AMD社の32ビットマイクロプロセッサ。同社のAthlonプロセッサの強化版。
開発時のコードネームは0.18μm版が「Palomino」、0.13μm版が「Thoroughbred」。両者の間には製造プロセス以外の違いはない。
Athlon XPはAthlon MP/Mobile Athlon 4と同じコアが元になっており、「QuantiSpeed」と呼ばれるデータ先読み機能などを搭載し、クロックあたりの性能をさらに高めている。Athlon XPのプロセッサコアはAthlon MPとほぼ同じものだが、両者の違いはマルチプロセッサ構成が可能かどうかで、Athlon XPは(公式には)マルチプロセッサ構成にはできない。
Athlon XPでは性能の表記に、従来の動作周波数に代えて「モデルナンバー」という値が用いられている。Athlon XPは従来製品より1クロックあたりの平均命令実行数が高まり、単純なクロックの比較では性能を評価できなくなったためで、AMD社ではモデルナンバーは「旧版のAthlonプロセッサ(コードネーム「Thunderbird」)で同性能の製品の動作周波数を意味する」としている。

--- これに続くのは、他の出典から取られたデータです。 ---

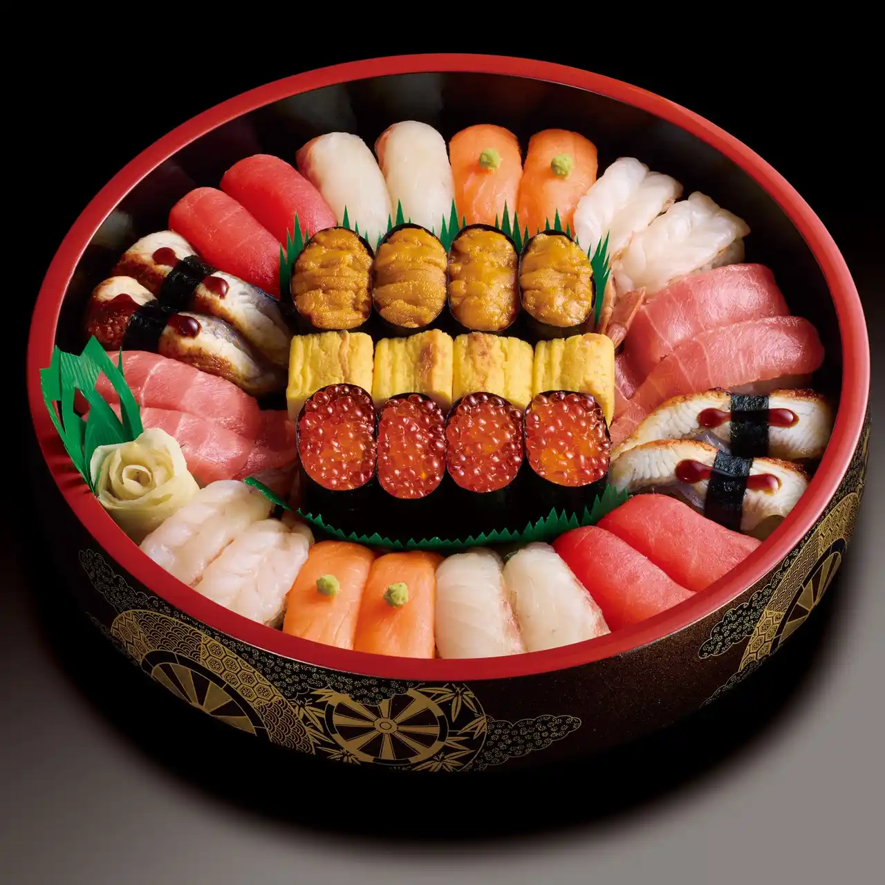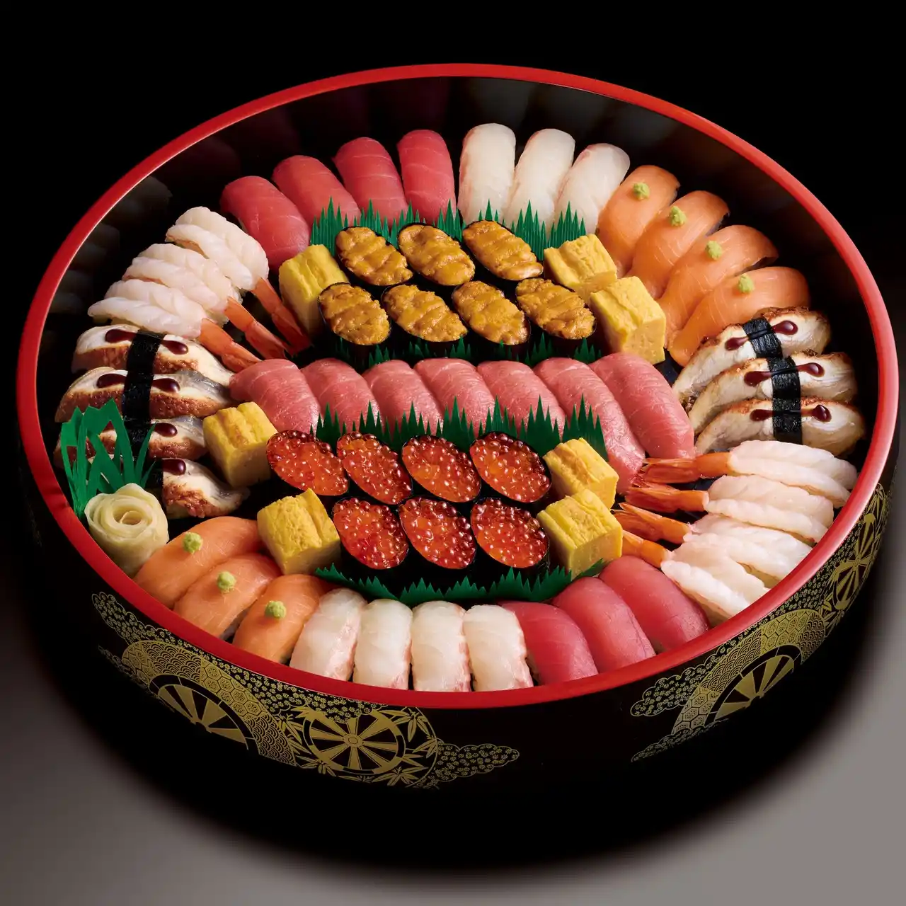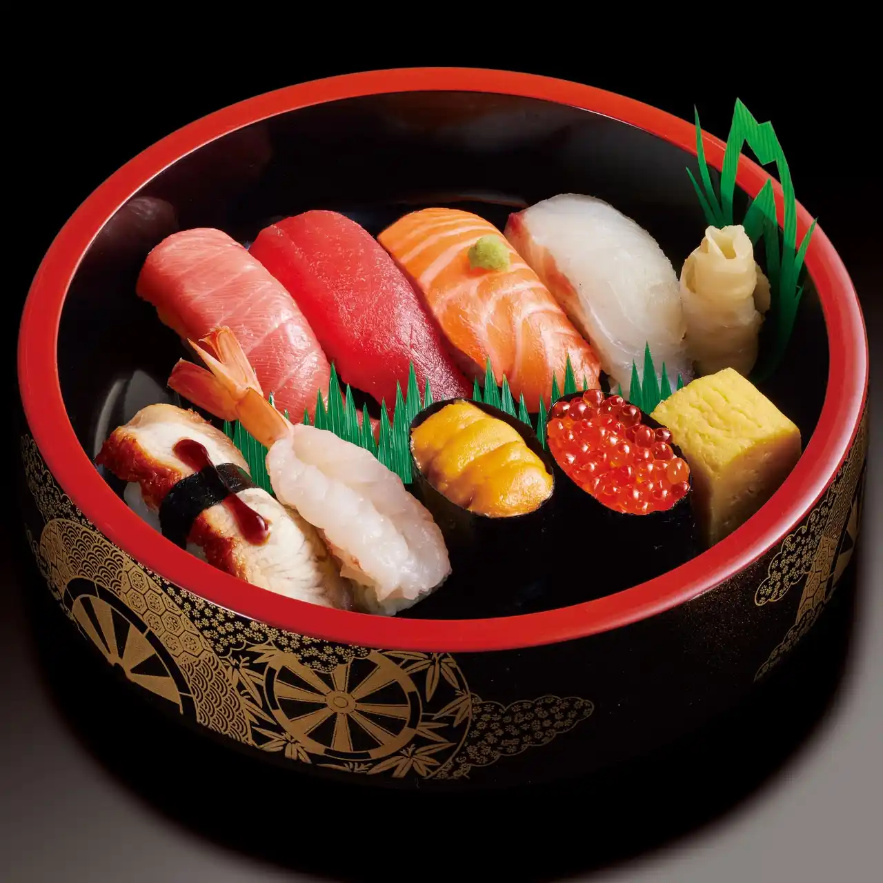 | マグロ、真鯛、特選サーモン、うなぎ、生エビ、ウニ軍艦、中トロ、イクラ軍艦、切玉子 | |||||||||||

しかし、Athlon XPのモデルナンバーは、競合するIntel社が製造しているPentium 4の同価格帯製品のクロック周波数とほぼ一致するため、新たな性能指標を定めてプロセッサを少しでも高く売り込もうという同社のマーケティング戦略の一環なのではないかとも指摘されている。
Athlon XPのうち最も低速で動作するAthlon XP 1500+の実動周波数は1.33GHzで、以降モデルナンバーが100上昇するごとに実動周波数は66.6MHzずつ上がっている(例えばAthlon XP 2200+は実動1.8GHz)。
Athlon XPのその他の特徴として、マルチメディア拡張命令セットの「3DNow! Professional」のサポートがあげられる。キャッシュメモリサイズは1次128KB、2次256KB(データ重複防止機能あり)。FSBは266MHz(133MHzのDDR)となっている。